So why should Buddhist teachers who preach compassion, non-violence, the faults of desire and not harming others engage in such relationships? Some claim it would be for “the student’s benefit” and a “practice” but why then people are damaged, and feel really in pain and suffering after having been “benefited” [by often highly manipulative methods] to have sex with their teachers?


In case there is an extreme rare case where there is really no harm or even benefit, one can expect that there also won’t be someone who will report about the sorrow, lamentation, suffering, distress, and agitation they have gone through.)[2]

This Sunday I found time to read the summery of the Sogyal saga “Behind the Thankas” by Mary Finnigan. It made me utter sad.

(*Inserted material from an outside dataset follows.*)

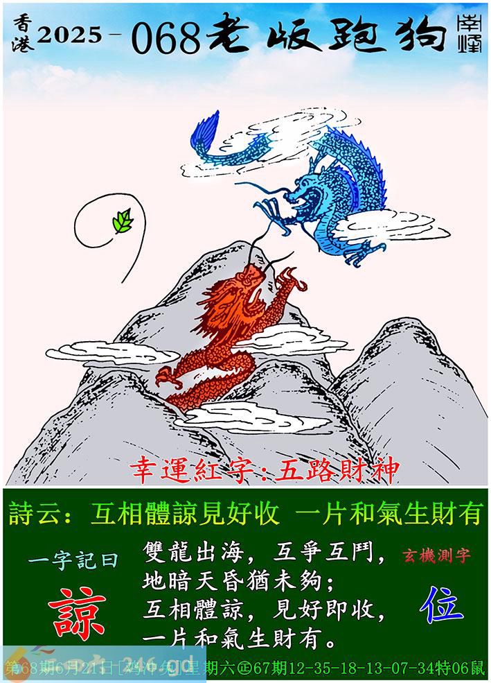 068期老版跑狗一字記之曰:【諒】 詩雲:互相體諒見好收,一片和氣生財有。

I find it also questionable that the Tibetan Community, including His Holiness the Dalai Lama, just don’t speak up and allow by their silence that what appears to be an egomaniac, damaging behaviour[3] can continue.

It could be that Rigpa and their officials have been successful to spread the pacifying image that Sogyal would have “settled, having a woman and a child now”, and this led towards a spiritless state of mind where Buddhists and Buddhist leaders alike started to relax, thinking the old stories are past and the issue sorted out by a change of Sogyal. But it appears that it has not settled and that the abuse continues.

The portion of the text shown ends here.